But most comprehensively, on April 5, the California Legislative Analyst’s Office [LAO] released a detailed set of six reports on climate change impacts across the state, one broadly dealing with cross-cutting issues, the others specifically targeting transportation, health, housing, K-12 education, and workers and employers. Five types of impacts were covered: (1) higher temperatures and extreme heat events, (2) more severe wildfires, (3) more frequent and intense droughts, (4) flooding due to extreme precipitation events, and (5) coastal flooding and erosion from sea-level rise.

Siegal called it “a set of really precedential and important reports,” but stressed the need for the LAO to apply those findings “when analyzing legislation, because unfortunately, legislation that has been considered and actually passed into law in recent years has been grossly insufficient to deal with the scale of the crisis in our state.” Indeed, the legislature just received its first “D” grade from California Environmental Voters for the 2021 session.

A similar pattern can be seen at the Port of LA, where staff is seeking approval of Phillips 66 Wharf Improvement Project with only the most minimal level of environmental analysis — what’s known as a minimum negative declaration. CBD was one of eight organizations who joined in a Feb. 18 comment letter noting that “Disguised as an improvement project … in reality this is an expansion project that would nearly double crude oil throughput” while extending its operation up to 40 years, thus necessitating a full environmental impact report: “An EIR is required because the Project is counter to state and regional GHG- and smog-reduction policies, which will require the phaseout of fossil fuel infrastructure, rather than expansion.”

There are multiple other problems cited in the comment, as well as neighborhood council comments. But former port attorney Pat Nave, a principal drafter of Northwest San Pedro Neighborhood Council’s comments, said something striking.

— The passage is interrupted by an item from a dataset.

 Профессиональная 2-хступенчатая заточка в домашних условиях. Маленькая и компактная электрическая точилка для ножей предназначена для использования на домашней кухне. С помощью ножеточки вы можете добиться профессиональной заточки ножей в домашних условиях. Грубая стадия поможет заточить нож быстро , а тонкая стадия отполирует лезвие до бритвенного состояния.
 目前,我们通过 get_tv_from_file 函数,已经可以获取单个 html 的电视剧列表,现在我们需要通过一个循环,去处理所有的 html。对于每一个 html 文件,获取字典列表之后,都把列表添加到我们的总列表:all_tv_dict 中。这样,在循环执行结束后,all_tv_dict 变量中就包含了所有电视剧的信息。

“Back when I was still working at the port there was a big discussion on what you do with renewing marine oil terminal leases, because they’re all heavily polluted — pipelines everywhere, all the tanks leak,” Nave said. “So, the feeling was that any long-term one should, before they’re renewed, undergo an EIR. So, if there is pollution there it should be cleaned up.”

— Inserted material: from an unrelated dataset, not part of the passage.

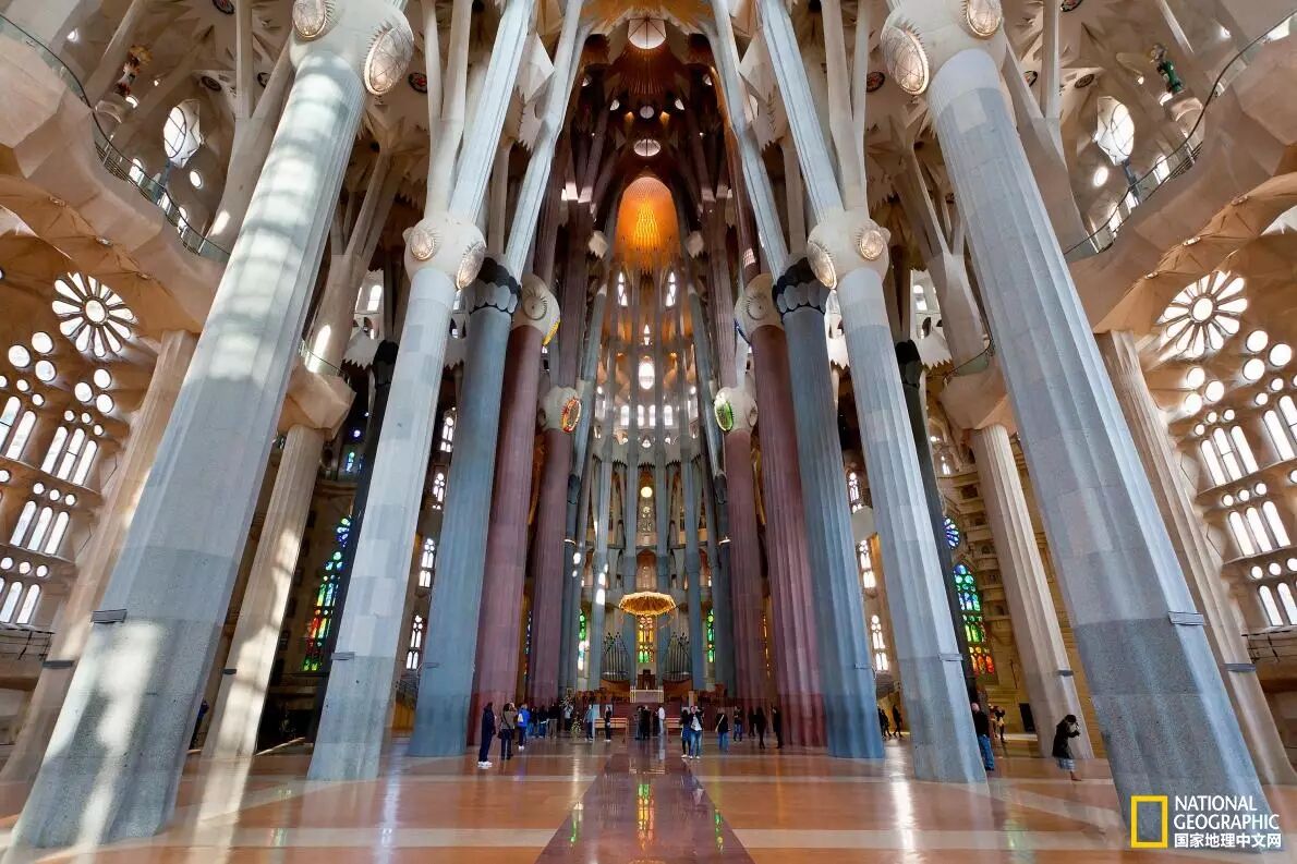 虽然安东尼•高迪早于1883年就接下了这个项目,但教堂的中殿直到2000年才完工。教堂的中厅仿照树干和分枝而建,支撑着高达45米的拱顶。进入教堂的人会感觉走进了一片巨大的森林,当然这也是高迪设计的初衷。

That was 18 years ago — before the port supposedly saw the light and rebranded itself as an environmental leader. Of course, the Phillips terminal never underwent that review, because it never had a long-term lease — just another way the port and its favored companies cut corners in the shadows. But at least they considered doing things responsibly. It’s way past time to get started — at every level, from the port, to the state, to the country, to the planet.

“We are in the midst of a crisis,” Siegal said. “There’s a lot of damage and harm that’s ongoing now, but as the world’s scientists have said, every fraction of a degree matters, and every second counts, and so nothing matters more than what happens today and what happens this year to get us on the right track and give us a brighter future.”

(Paul Rosenberg is a California-based writer/activist, senior editor for Random Lengths News, and a columnist for Salon and Al Jazeera English. This article was first published in RandomLengthsNews.com)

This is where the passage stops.